Ole Lukkøye Crystal Crow-Bar
(72:35, Think Progressive, 2000)
Lange Zeit sorgte der eiserne Vorhang gezwungenermaßen dafür, dass man vor der Musikszene ist Osteuropa nur ganz selten etwas zu hören bekam. Doch nach ideologischer Öffnung kleckert jetzt langsam aber stetig, eine ansprechende Anzahl von Bands auch in unsere Breiten herein. Die aus St.Petersburg stammenden Ole Lukkøye wurden bereits 1989 von Boris Bardash und Andrej Lavrinenko gegründet und “Crysal crow-bar” ist mittlerweile deren viertes Album. Die beiden stammen aus der Art Rock / Improvisationsszene, ihre Alben sind aber ebenfalls von psychedelischen, sowie Ambient und Trance Elementen durchzogen, wie auch traditionelle Klänge aus ihrer Heimat, der Musik einen ganz eigenen Charakter verleihen. Bereits letztes Jahr waren sie auf dem Burg Herzberg Open Air eine der großen Überraschungen und der äußerst rege Andrang an den Merchandise Ständen sorgte für einen unerwarteten Ausverkauf der mitgebrachten Tonträger.

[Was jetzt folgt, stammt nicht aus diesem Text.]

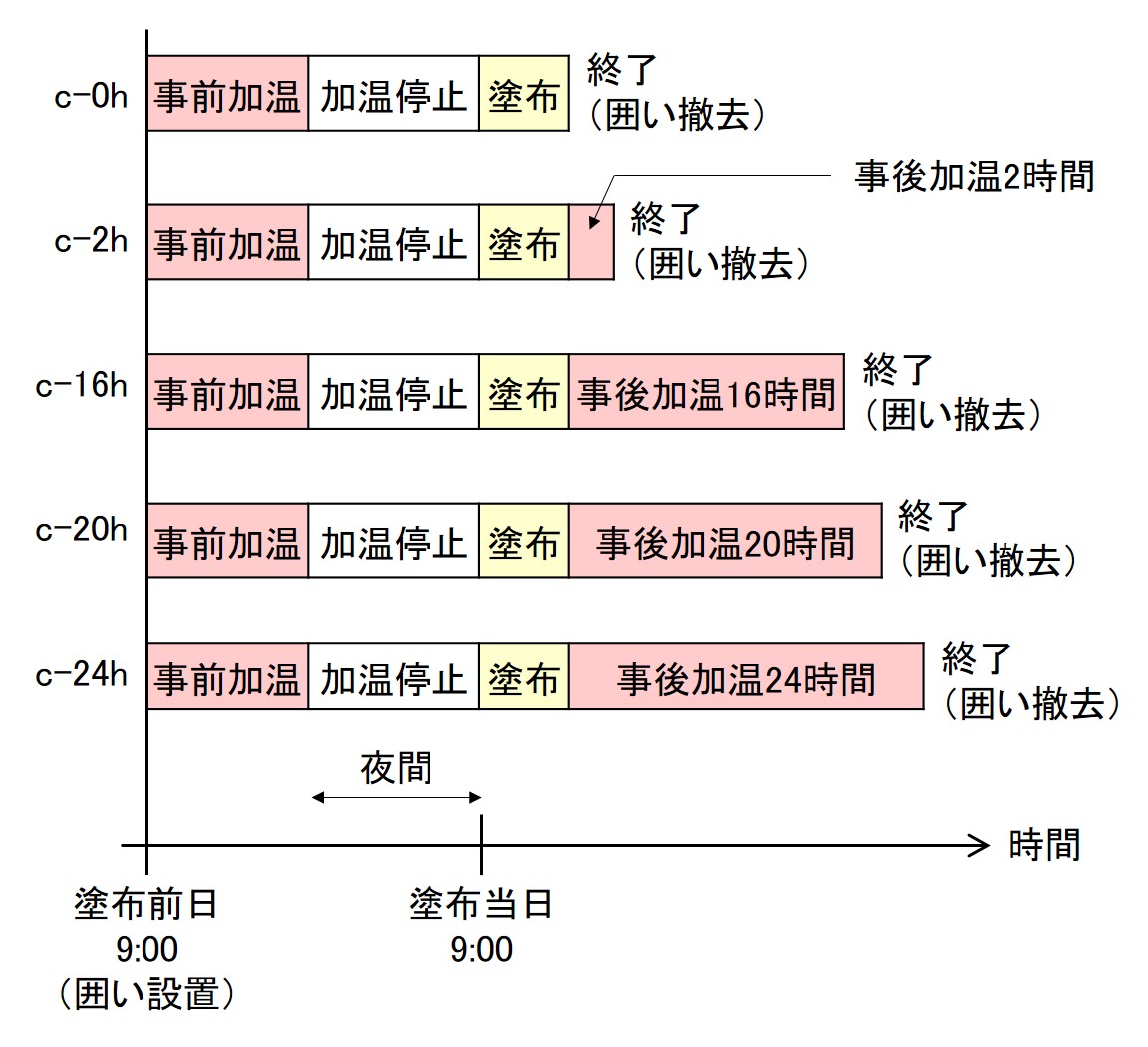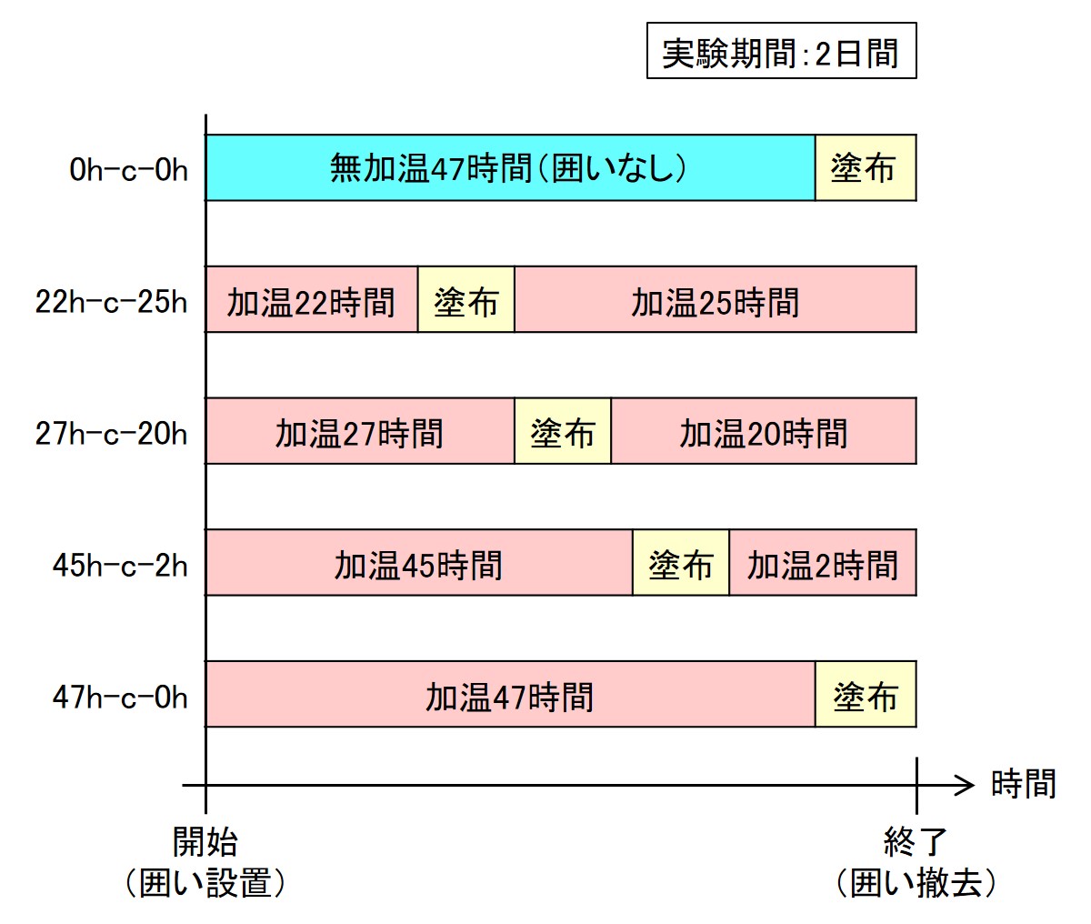 そこで、シリーズⅡとして、塗布後の加温効果に着目した現場検証を行いました。
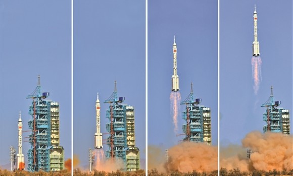 这是神舟十七号载人飞船发射升空过程(拼版照片,10月26日摄)。10月26日11时14分,搭载神舟十七号载人飞船的长征二号F遥...

So kommt es also nicht von ungefähr, dass sie dieses Jahr wieder mit von der Partie sind und als letzte Band des ersten Abends auftraten. “Crystal grow-bar” klingt ungeheuer vital, bezieht aber seinen Reiz vor allem daraus, dass die mal treibenden, mal schleichenden Rhythmen von vielerlei folkloristischen Abstechern in die verschiedenen Kulturen der ehemaligen Sowjetunion getragen werden. Die Bandbreite reicht von orientalischer Mystik, bis hin zu Weisen aus Sibirien. Doch harte Gitarrenriffs oder weitausladende spacige Synthie-Klanglandschafen geben dem ungewohnten Höreindruck wieder einigermaßen festen Boden unter den Füssen. Trotz hauptsächlich englisch-sprachiger Titel, ist der schamanenartige Gesang nicht eindeutig irgendeiner Sprache zuordenbar, ergänzt sich aber mit der Musik perfekt. Der Stammestanz dieser russischen Indianer ist World Music im wahrsten Sinne des Wortes, da hier der Brückenschlag zwischen den Kulturen und Jahrhunderten geschafft wird. Abtauchen und Mitfließen.